310,605 single nucleotide polymorphisms (SNPS) were tested for association using Illumina's beadchip technology in samples from 778 coeliac disease individuals and 1,422 population controls (British 1958 Birth Cohort). Genetic varaints in the IL2 / IL21 gene region were identified as risk factors predisposing to coeliac disease.
The Guardian newspaper published an article about this project.
Genome Wide Association Study Follow Up
We followed up 1,020 top associated SNPS from the British GWAS in a further set of 1,643 coeliac and 3406 population control samples from Britain, The Netherlands and Ireland. This study was published in Nature Genetics in March 2008.
We identified seven further gene regions predisposing to coeliac disease. There are now nine coeliac gene regions identified, including the 2007 IL2-IL21 finding and the long-recognised HLA-DQ association. Of the nine regions, eight contain likely candidate genes involved in immune system function. This agrees nicely with what we know about the immunology of coeliac disease. We know how genetic variation influences biological function for HLA-DQ, and we reported possible mechanisms for two of the new findings: SH2B3 and IL18RAP.
Interestingly there seems to be substantial overlap of gene regions with other autoimmune diseases, particularly four of the nine coeliac regions also predispose to type 1 (early onset) diabetes. We have been awarded a grant from the Juvenile Diabetes Research Foundation to study potential common mechanisms of these diseases.
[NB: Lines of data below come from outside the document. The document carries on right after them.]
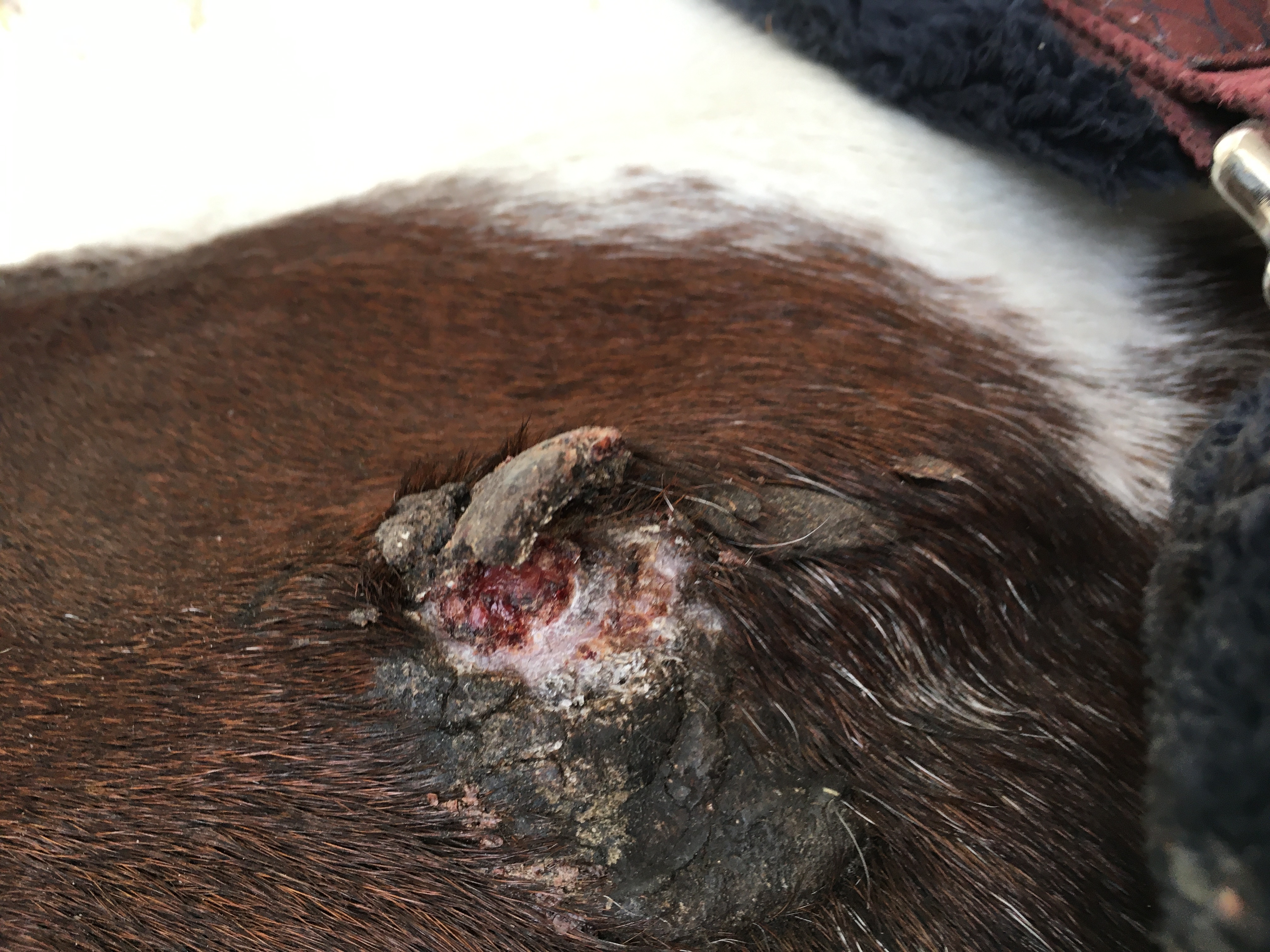 Hier ist ein Bild von heute. Die Kruste hat sich abgelöst und ich habe jetzt weiter auf die offene Stelle geschmiert. Es scheint ihn ganz schön zu jucken, er scheuert sich die xxterra direkt ab. Was mache ich mit dem Schorf an den Seiten, geht der von alleine weg irgendwann? Darauf geschmiert habe ich noch nie.
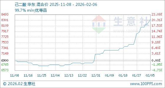 2月6日,生意社己二酸基准价为8333.33元/吨,与本月初(8066.67元/吨)相比,上涨了3.31%。
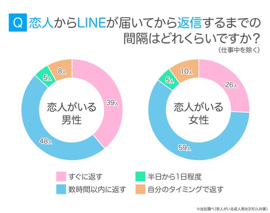 恋人がいる成人男女200人に「恋人からLINEが届いてから返信するまでの間隔はどれくらいですか?(仕事中を除く)」と尋ねたところ、最多は「数時間以内に返す」107人(53.50%)でした。
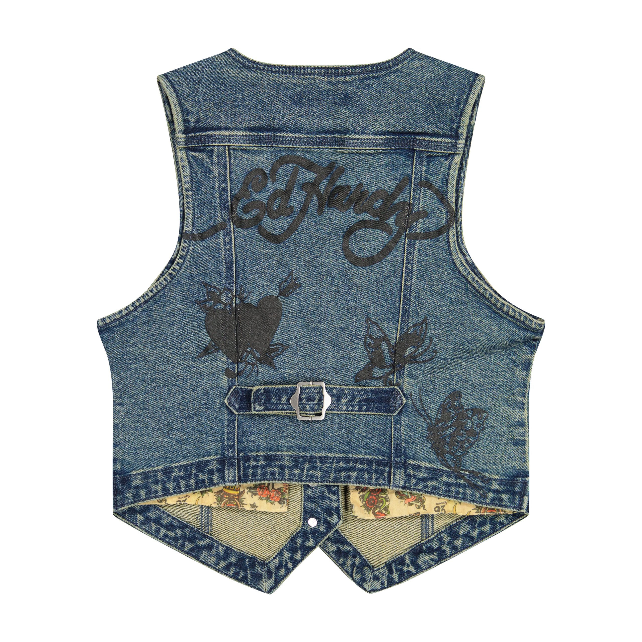 Fitted cropped denim vest cut from a medium tint denim. Features a series of archival graphics and iconic Ed Hardy logos in black.?
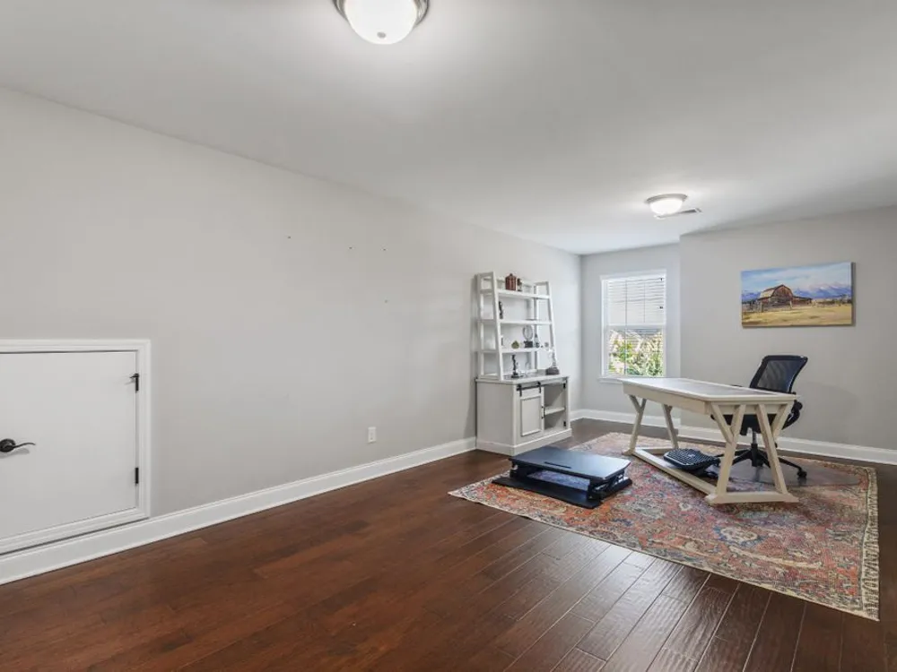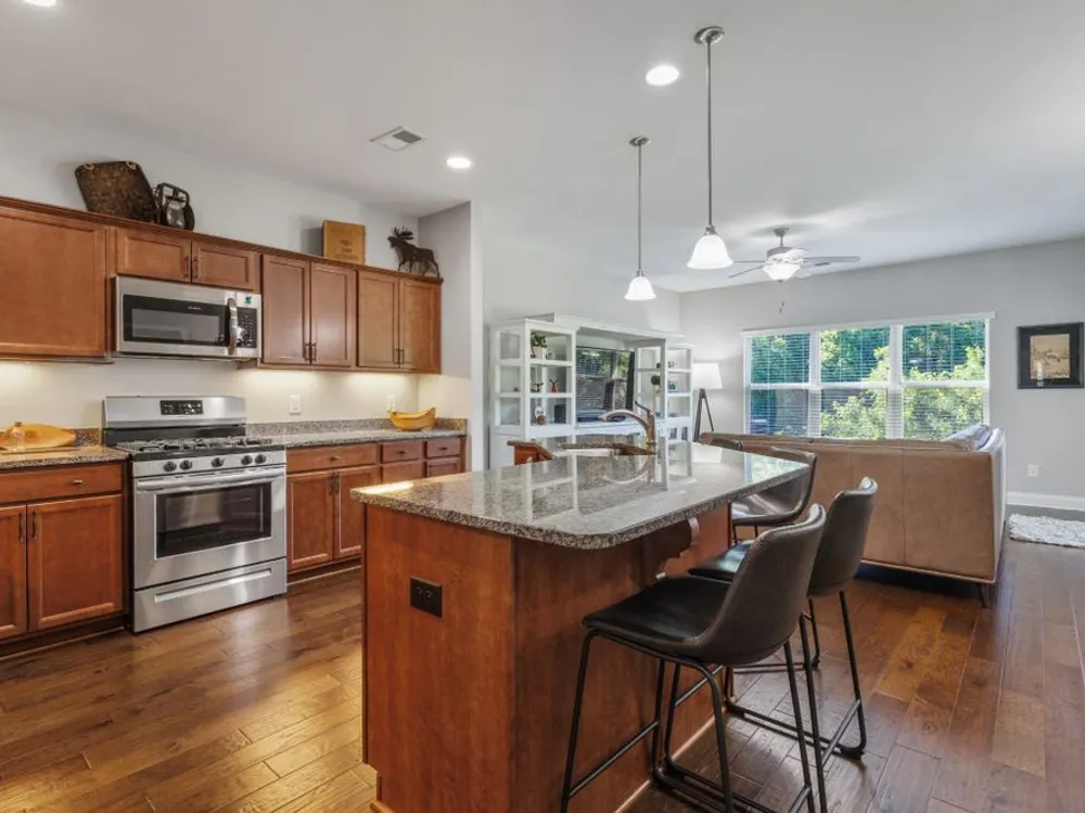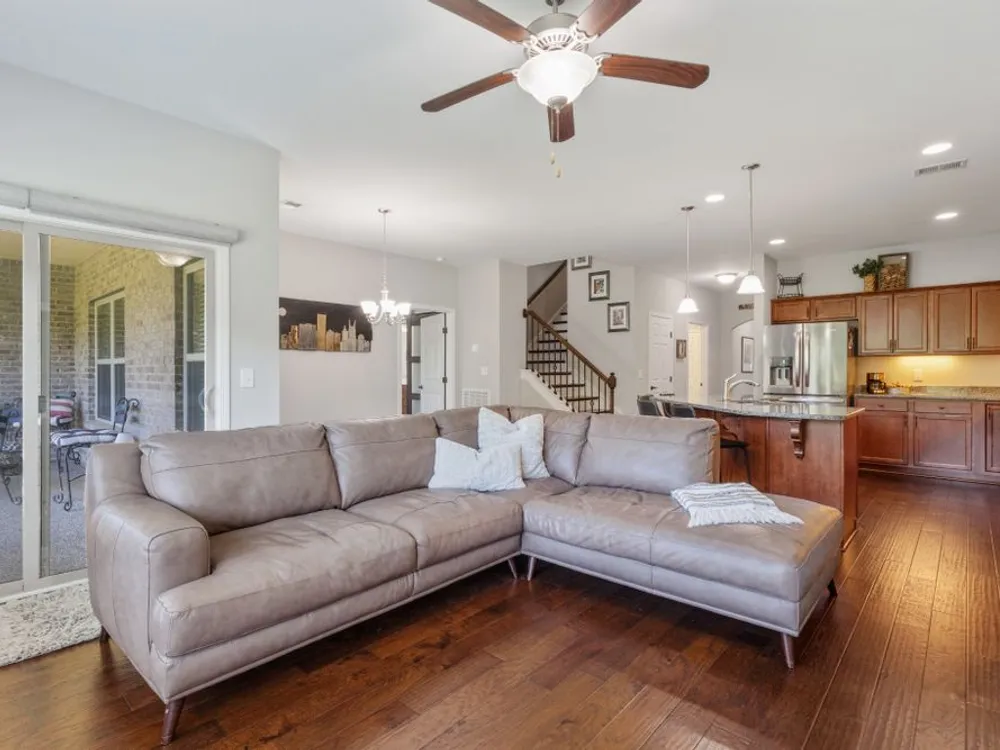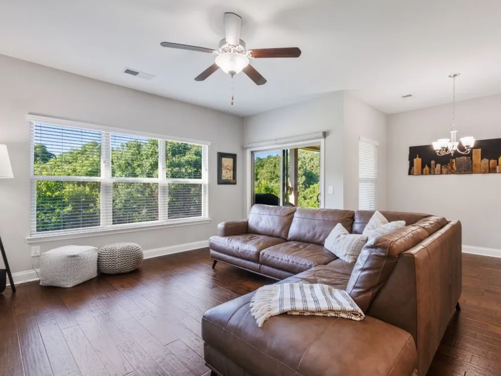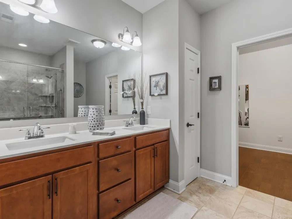 If you are looking for maintenance free living with a lot of space look no more. This lovely home boasts an open-concept layout and high-end finishes throughout, this home features rich hardwood flooring, upgraded cabinetry, and a thoughtfully designed custom pantry. The main-level primary suite is a true retreat, complete with a spa-like custom shower. A second bedroom on the main floor is perfect for guests or a home office. Upstairs, you'll find a spacious bonus room with a full bath that can serve as a third bedroom, media room plus an extra flex space for another bedroom. Two huge rooms. Lots of storage. Step outside to the covered patio, where you can unwind with peaceful wooded views and a serene pond. There's even a built-in gas line for the grill—grill stays! Enjoy the convenience of a great location paired with the upscale lifestyle this lovely neighborhood Stonebridge has to offer. This home is ready for immediate occupancy!

The Daily Telegraph newspaper published an article about this project.
Current Research
Finding more disease genes will require analysis of thousands more samples. We have formed a large collaborative group to enable this, and have been awarded (Feb 2008) a major collaborative grant by the Wellcome Trust charity. Our current collaborators are based in the UK, the Netherlands, Ireland, Finland (genome scan samples), Spain, US, Hungary, Italy, Sweden, Norway (replication samples).
We currently aim to:
- precisely localise from each region the disease causing genetic change ('fine-mapping'). The current markers we have identified for each region are probably just tagging (i.e. correlated with) the true causal variant.
- discover more coeliac disease predisposing genetic variants
- understand how the coeliac disease genetic variants are influencing biological function
Ethics note
All our research is performed on human samples (we do no animal based research). Our studies have all been approved by independent research ethics committees from the UK National Research Ethics Service.